O Ministério Público de Goiás fez operação, denominada “Penalidade Máxima”, na terça-feira para investigar um grupo especializado em fraudar resultados de jogos da Série B do Campeonato Brasileiro. O objetivo era influenciar apostas esportivas de altos valores.

Segundo o MP, há indícios de que o grupo atuou em pelo menos três jogos da Série B no final de 2022: Vila Nova x Sport, Criciúma x Tombense e Sampaio Corrêa x Londrina, todos pela rodada final da competição. Os investigados teriam movimentando mais de R$ 600 mil.

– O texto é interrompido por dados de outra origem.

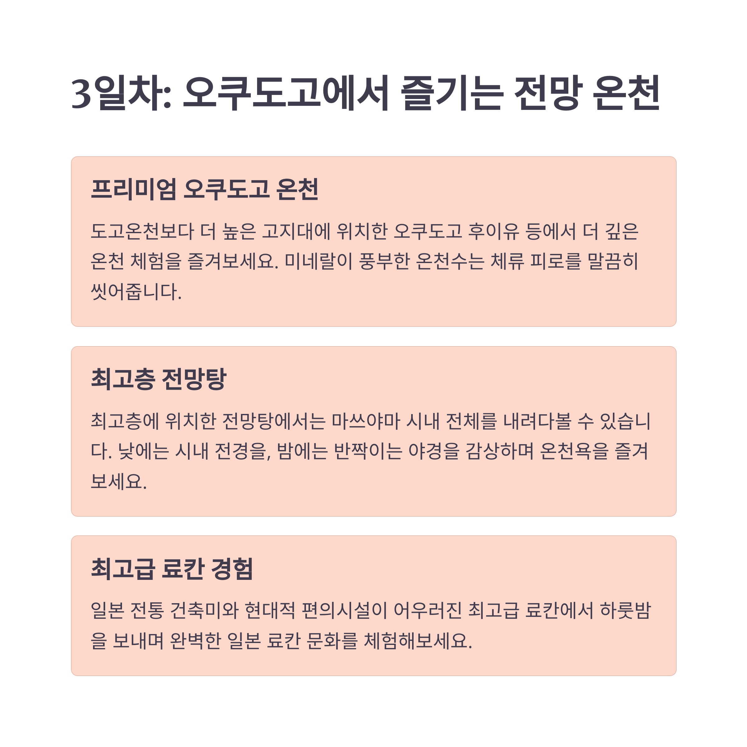안녕하세요, smartbox입니다! 일본 에히메 현의 온천 도시, 마쓰야마로 떠나실 준비가 되셨나요? 오늘은 마쓰야마 관광의 핵심인 온천 체험을 중심으로, 도고온천오쿠도고를 아우르는 3박 4일 추천 코스를 알아볼 건데요. 가성비 좋은 숙박과 체험 팁까지 모두 확인하실 수 있습니다.

Mateusinho defendia o Sampaio Corrêa na época e cometeu pênalti na vitória do time maranhense por 2 a 1 contra o Londrina (vídeo acima). Os representantes e advogados do jogador entendem que a infração foi um “lance casual de jogo” e não justifica a acusação.

A investigação apontou que o grupo convencia atletas a manipular resultados nas partidas por meio de ações, como fazer pênalti no primeiro tempo dos jogos, entre outras táticas. Em troca, os jogadores receberiam parte dos prêmios de apostas feitas. A estimativa é que cada envolvido tenha recebido R$ 150 mil por aposta.